| Task goal |
Apart from the pictures, every line below is to be set down exactly.

BEGIN Exercise data

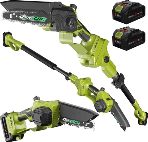 2-In-1 Electric Pole Saw, 6 Inch Mini Chainsaw Cordless Pole Saw With Extension Pole For Tree Trimming, 2 X 2000Mah Battery, Powered Pole Chain Saw, Tree Trimmer Limb Branch Cutter Pruner
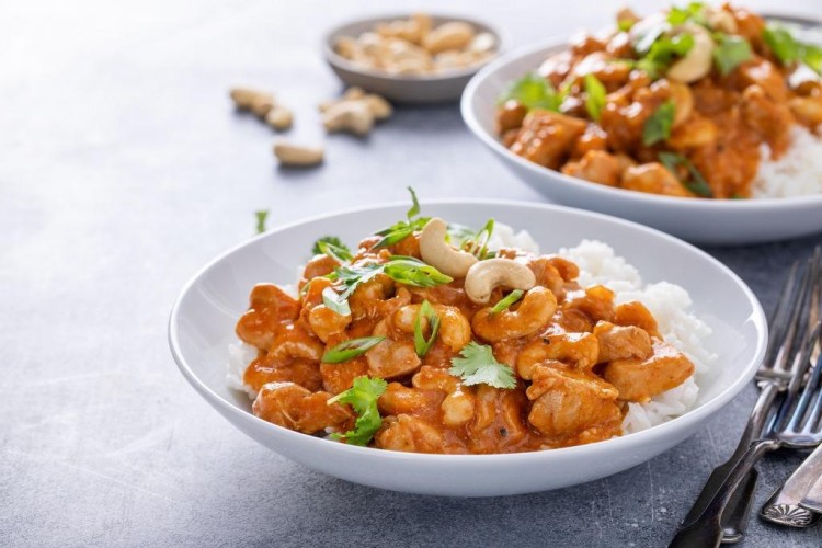 ضعي الدجاج بالكاجو في طبق التقديم، وقدميه ساخناً.
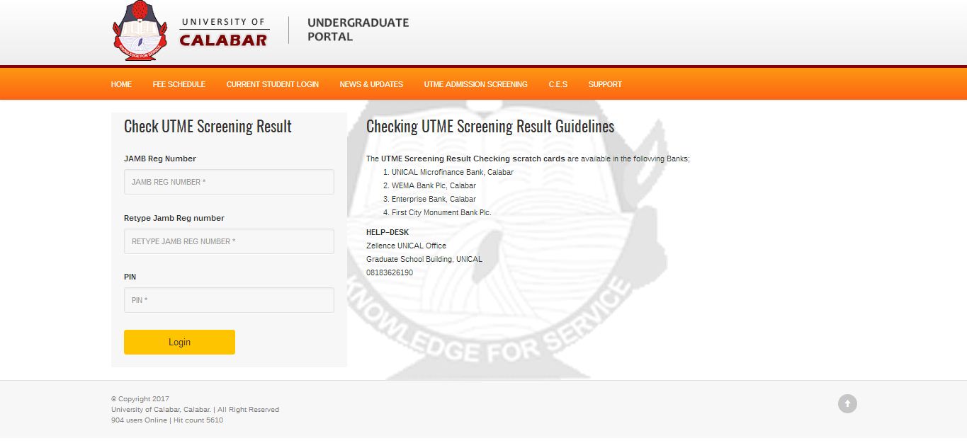 1. LOG ON TO: http://www.myunical.edu.ng/post-utme/check-post-utme.aspx

END Exercise data

| Reply to the task |
 2-In-1 Electric Pole Saw, 6 Inch Mini Chainsaw Cordless Pole Saw With Extension Pole For Tree Trimming, 2 X 2000Mah Battery, Powered Pole Chain Saw, Tree Trimmer Limb Branch Cutter Pruner
 ضعي الدجاج بالكاجو في طبق التقديم، وقدميه ساخناً.
 1. LOG ON TO: http://www.myunical.edu.ng/post-utme/check-post-utme.aspx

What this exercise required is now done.